▶ Raw data:
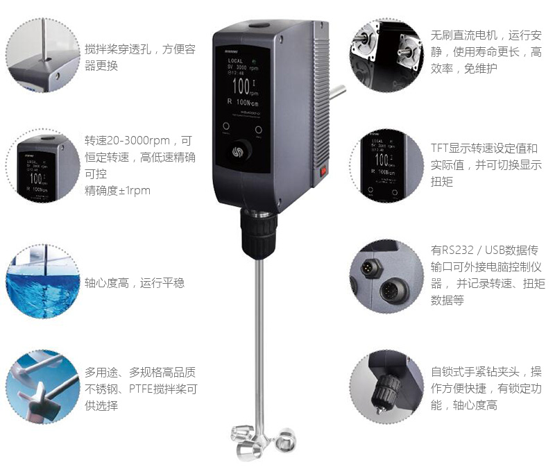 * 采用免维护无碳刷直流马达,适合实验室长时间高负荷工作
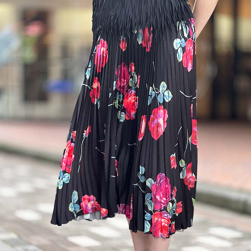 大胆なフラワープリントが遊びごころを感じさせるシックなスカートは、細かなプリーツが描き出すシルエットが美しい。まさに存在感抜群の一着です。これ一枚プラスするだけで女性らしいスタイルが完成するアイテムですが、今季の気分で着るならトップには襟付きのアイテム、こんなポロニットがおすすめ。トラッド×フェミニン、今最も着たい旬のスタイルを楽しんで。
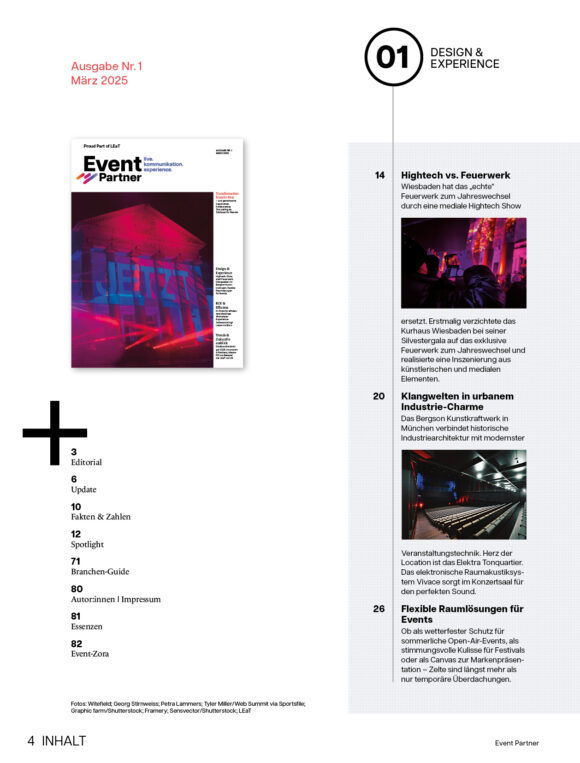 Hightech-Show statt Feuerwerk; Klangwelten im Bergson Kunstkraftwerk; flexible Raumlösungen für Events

▶ Prompt: Could you give again precisely the lines from the one containing "大胆なフラワープリントが遊び" through the final line of the material above, both included, and no others, dropping the pictures?

▶ Solution for this task:
 大胆なフラワープリントが遊びごころを感じさせるシックなスカートは、細かなプリーツが描き出すシルエットが美しい。まさに存在感抜群の一着です。これ一枚プラスするだけで女性らしいスタイルが完成するアイテムですが、今季の気分で着るならトップには襟付きのアイテム、こんなポロニットがおすすめ。トラッド×フェミニン、今最も着たい旬のスタイルを楽しんで。
 Hightech-Show statt Feuerwerk; Klangwelten im Bergson Kunstkraftwerk; flexible Raumlösungen für Events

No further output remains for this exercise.